[[ Records shown, beginning ]]

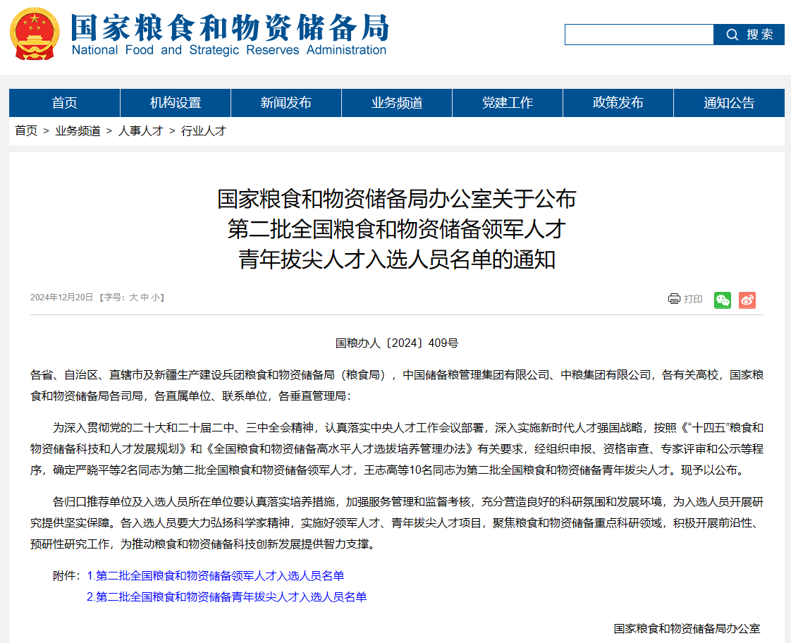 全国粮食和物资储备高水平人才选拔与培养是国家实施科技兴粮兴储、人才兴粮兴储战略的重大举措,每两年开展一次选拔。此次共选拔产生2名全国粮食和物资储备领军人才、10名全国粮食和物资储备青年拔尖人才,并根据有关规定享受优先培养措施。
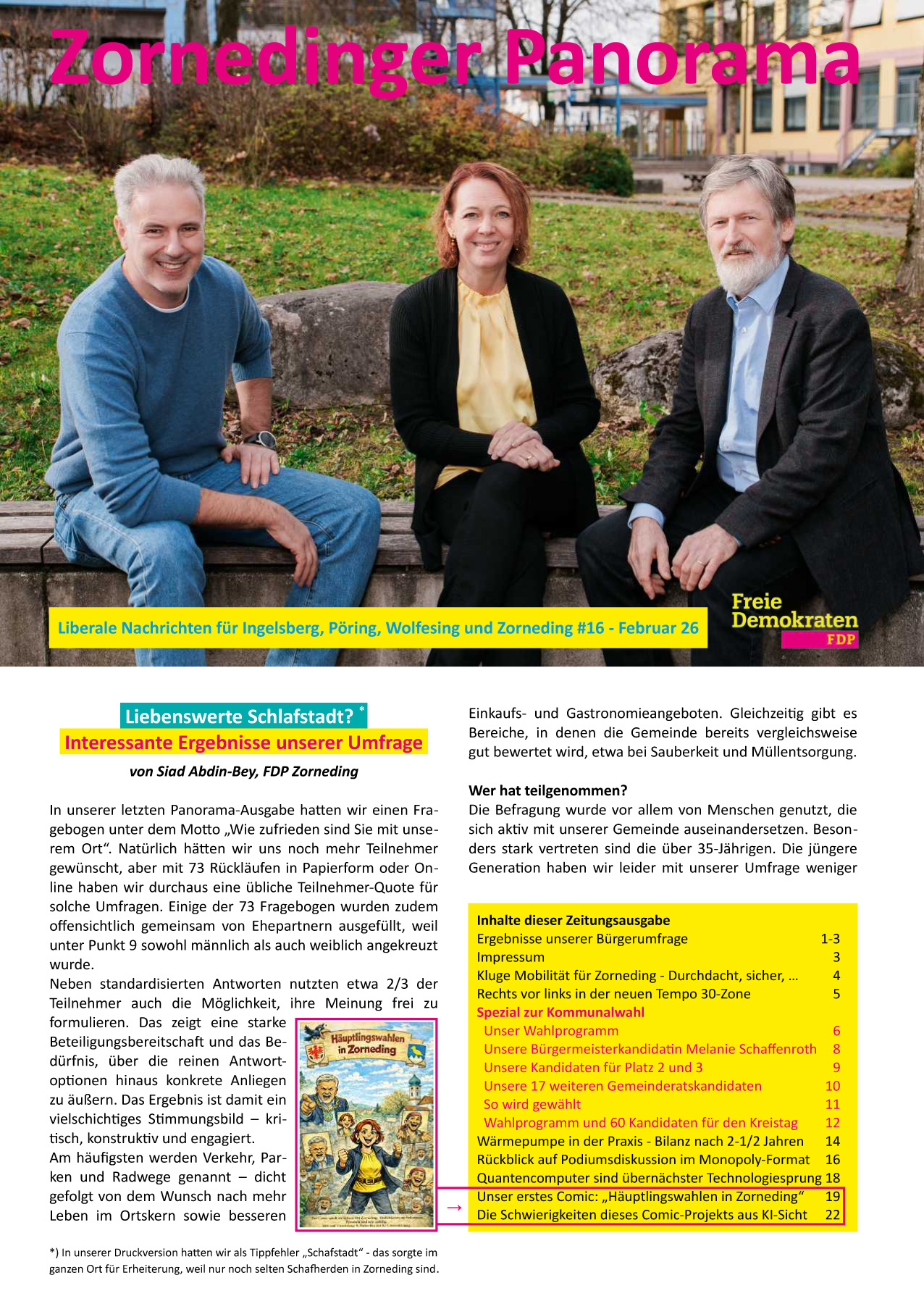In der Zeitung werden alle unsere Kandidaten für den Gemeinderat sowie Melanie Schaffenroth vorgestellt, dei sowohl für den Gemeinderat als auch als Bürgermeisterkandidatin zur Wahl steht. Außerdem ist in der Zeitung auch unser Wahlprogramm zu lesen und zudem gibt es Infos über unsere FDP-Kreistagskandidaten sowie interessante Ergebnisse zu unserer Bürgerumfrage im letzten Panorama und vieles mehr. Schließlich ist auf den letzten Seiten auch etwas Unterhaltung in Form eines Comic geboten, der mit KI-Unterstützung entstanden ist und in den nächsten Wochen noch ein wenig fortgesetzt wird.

[[ Records shown, end ]]
[[ Records shown, beginning ]]

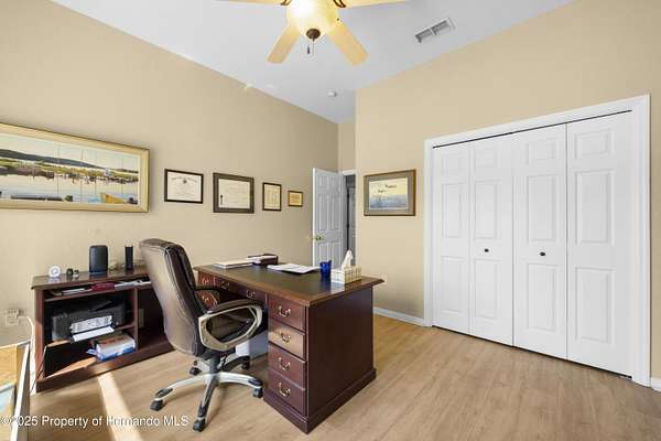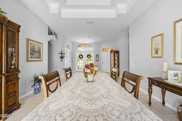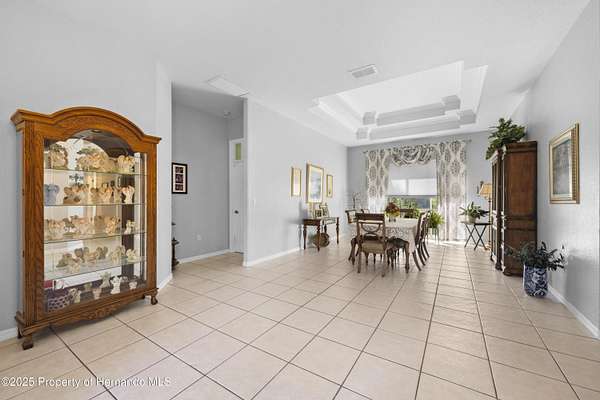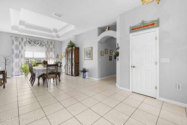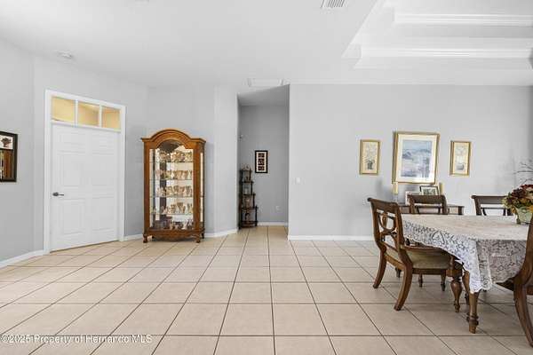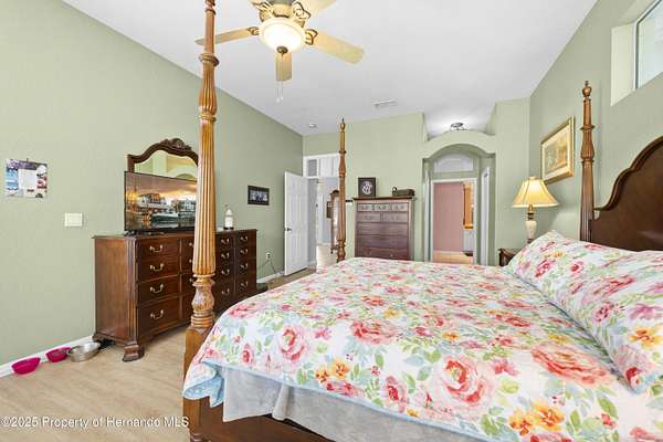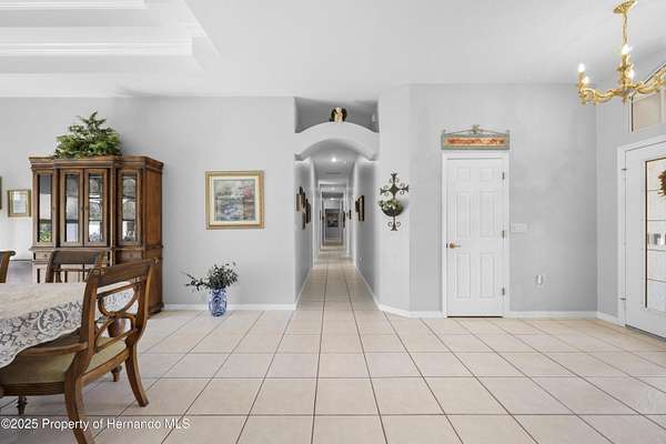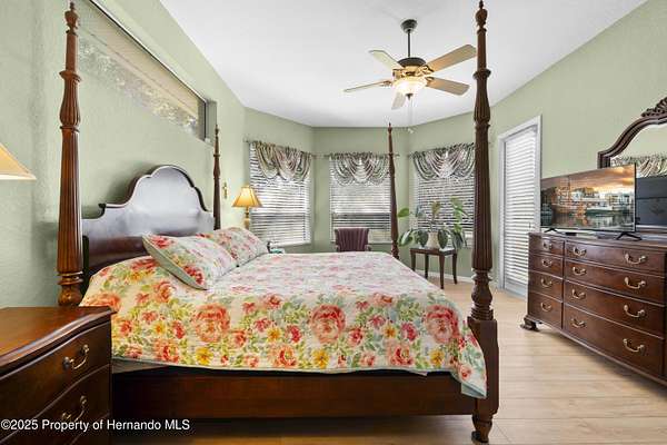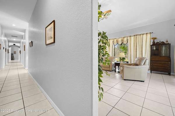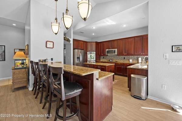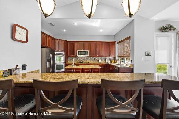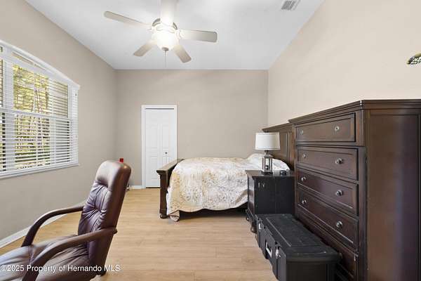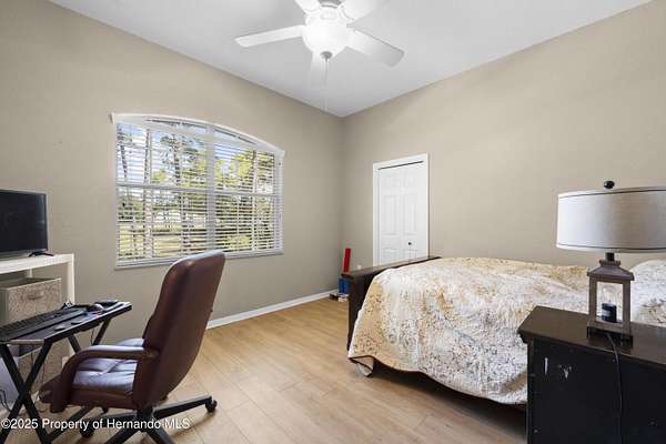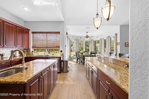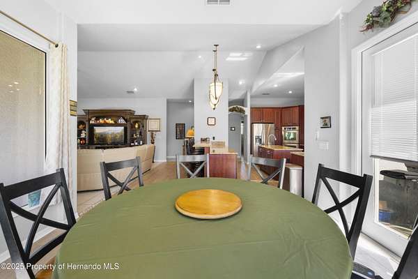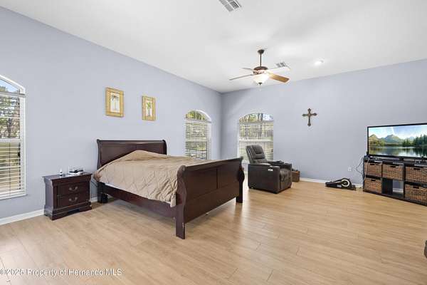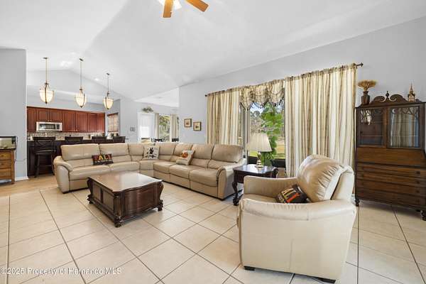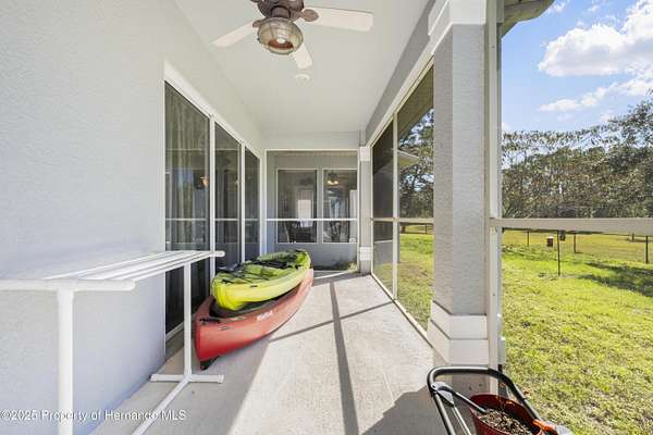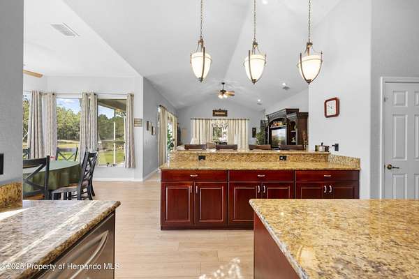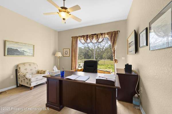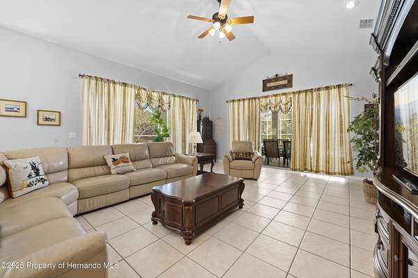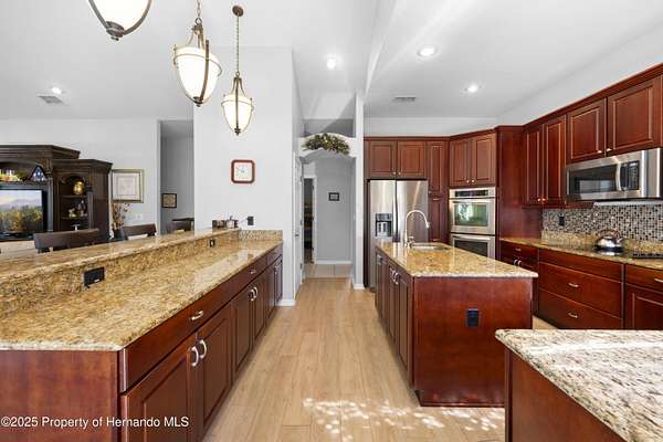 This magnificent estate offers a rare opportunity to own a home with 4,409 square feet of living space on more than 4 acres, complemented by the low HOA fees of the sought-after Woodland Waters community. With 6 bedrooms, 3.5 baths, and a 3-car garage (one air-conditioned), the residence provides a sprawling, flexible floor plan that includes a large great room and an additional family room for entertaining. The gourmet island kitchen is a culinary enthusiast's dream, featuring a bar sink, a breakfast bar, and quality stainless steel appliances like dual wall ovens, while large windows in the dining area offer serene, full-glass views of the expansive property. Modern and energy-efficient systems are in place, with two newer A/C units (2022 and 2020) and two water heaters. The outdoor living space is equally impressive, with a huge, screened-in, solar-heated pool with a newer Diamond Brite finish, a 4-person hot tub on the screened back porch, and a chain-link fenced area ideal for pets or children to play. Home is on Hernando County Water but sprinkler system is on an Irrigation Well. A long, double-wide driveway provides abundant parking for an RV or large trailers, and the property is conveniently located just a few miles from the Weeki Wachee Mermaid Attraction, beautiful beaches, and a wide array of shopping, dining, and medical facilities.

[[ Records shown, end ]]
[[ Records shown, beginning ]]

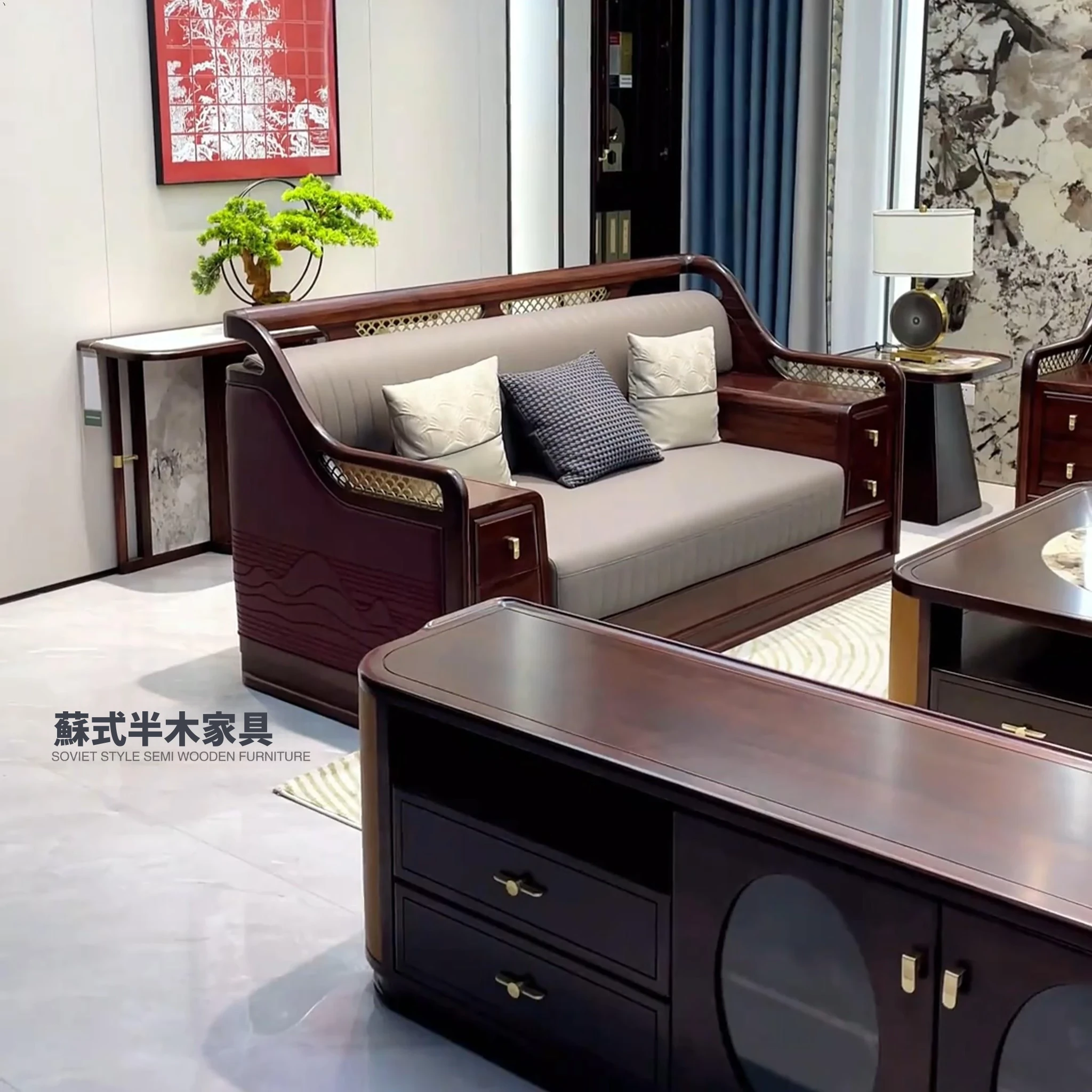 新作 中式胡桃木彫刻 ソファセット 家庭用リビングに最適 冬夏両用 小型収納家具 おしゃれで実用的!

[[ Records shown, end ]]

What the task asks:
Look above for the line with "全国粮食和物资储备高水平人才" and copy exactly from it through the line with "In der Zeitung werden", both included. Omit the pictures.

Written solution:
 全国粮食和物资储备高水平人才选拔与培养是国家实施科技兴粮兴储、人才兴粮兴储战略的重大举措,每两年开展一次选拔。此次共选拔产生2名全国粮食和物资储备领军人才、10名全国粮食和物资储备青年拔尖人才,并根据有关规定享受优先培养措施。
In der Zeitung werden alle unsere Kandidaten für den Gemeinderat sowie Melanie Schaffenroth vorgestellt, dei sowohl für den Gemeinderat als auch als Bürgermeisterkandidatin zur Wahl steht. Außerdem ist in der Zeitung auch unser Wahlprogramm zu lesen und zudem gibt es Infos über unsere FDP-Kreistagskandidaten sowie interessante Ergebnisse zu unserer Bürgerumfrage im letzten Panorama und vieles mehr. Schließlich ist auf den letzten Seiten auch etwas Unterhaltung in Form eines Comic geboten, der mit KI-Unterstützung entstanden ist und in den nächsten Wochen noch ein wenig fortgesetzt wird.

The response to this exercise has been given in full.